Grateful acknowledgement is made to Stephanie
Sasscer, for her edits.
Note: N
ative Americans, at the time in the early 2000s, were still
known in Montana by various names, used interchangeably: First
Nation Peoples, Indians, Indigenous, Native Peoples, Native
Americans, and American Indians. Only two were in common usage
amount the locals where the book is set: Native Americans, and
Indians, and as such are used in this story.
INTRODUCTION
I never set out to write a
novel about how my life started in Glacier Park, Montana. I went
there for reasons much less dramatic, less artistic, than to
research for some future novel. I simply wanted to just get away
from a humiliating breakup, and from a job I hated, and from being
incredibly lonely. I desperately wanted a new life… a life in
someplace a far away from Atlanta as I could get on short notice;
inventive, maybe, but reasons born of desperation rather than
exploration.
Leaving everything behind
I left for Montana. But when I got to what I thought was going to
be a new life, I fell in love with a girl, Alia. It was to be a
short-lived love, however, and the finding out of the awful thing
that happened with her led me through such a strange and profound
journey that was compelled to write it down, despite the simple,
desperate motivation that began my journey.
So, I sit here at my
laptop, and our tale begins in Atlanta circa 2003, with a text
message from my past-girlfriend, Holly the redhead.
One
I was working at a
magazine in Atlanta that year in May, not too far out of college,
as an assistant editor, in fact – a job more grandiose in title
than in reality.
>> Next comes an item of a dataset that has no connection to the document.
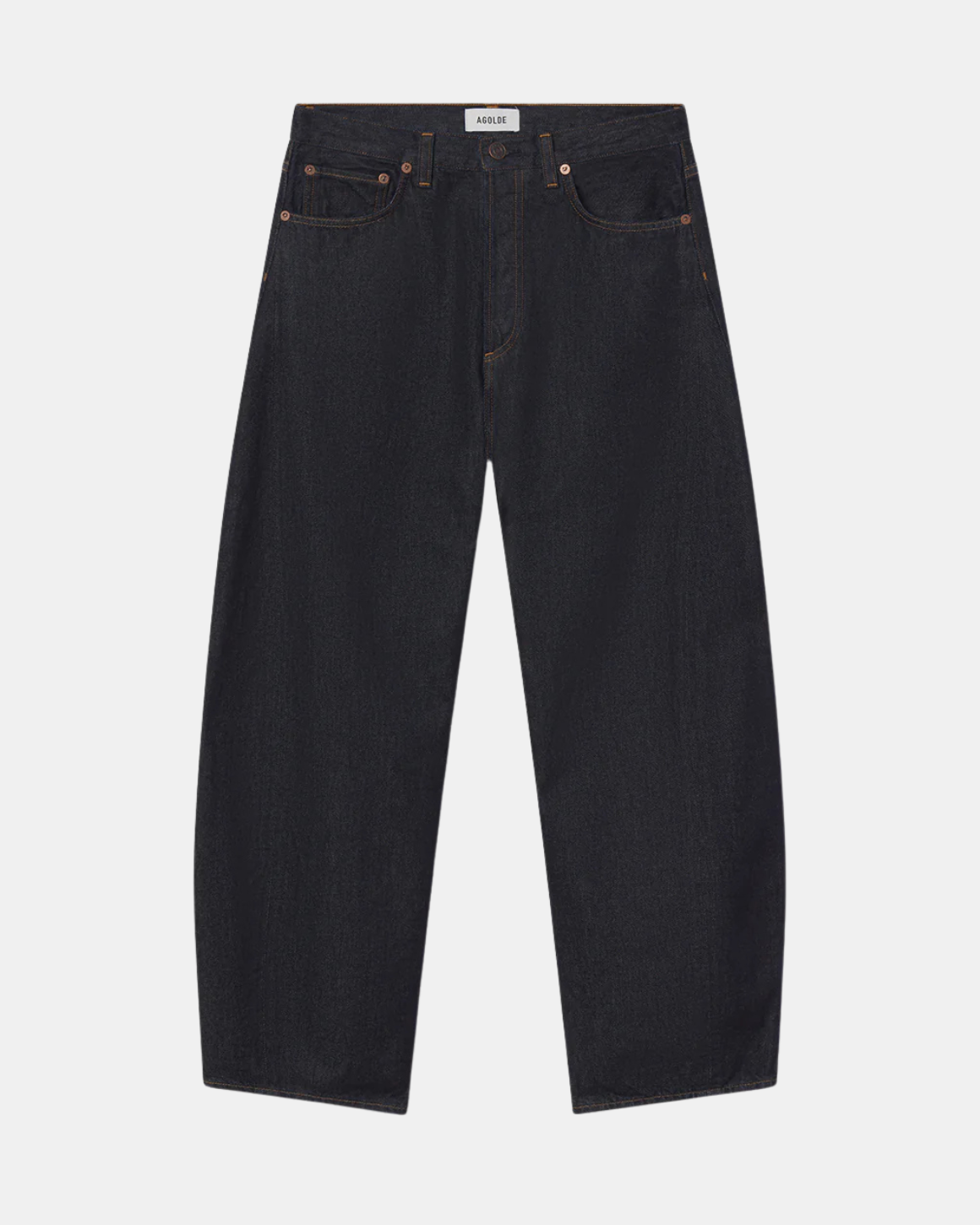 The Luna Pieced Jean by AGOLDE is defined by its dramatic, curved leg and high-rise waist, bringing sculptural volume to a classic silhouette. Cut in a dark, clean rinse and crafted from soft, weightless denim, this standout shape is finished with subtle seaming details. Style with a tucked-in top to highlight the unique lines.

It was a car magazine but I knew nothing about
cars. What I did know was that my father, the big shot lawyer, got
me the job because he was a partner with the corporate counsel for
Gannett Publishing, a company that owned that car magazine, and
pretty much every major magazine in the east coast.
I was broke after I
graduated with no real prospects of my own, and I had majored in
English Literature after all… So I considered myself lucky to have
any kind of job awaiting me at all.
My three interests in life
were, in no particular order: reading good books, playing guitar
and piano, and being outside. At the time I was deciding upon
college, I had read great works of literature, played in a few
bands, and spend some wondrously peaceful times in the woods. That
was what was in my mind as I pondered the list of college majors
available. I knew I was in trouble from the start.
And as I pondered over my
options back then I realized I was not dedicated or desperate
enough with the music life to chuck all my hopes and dreams into a
band van and tour around for years, perpetually trying to “make it”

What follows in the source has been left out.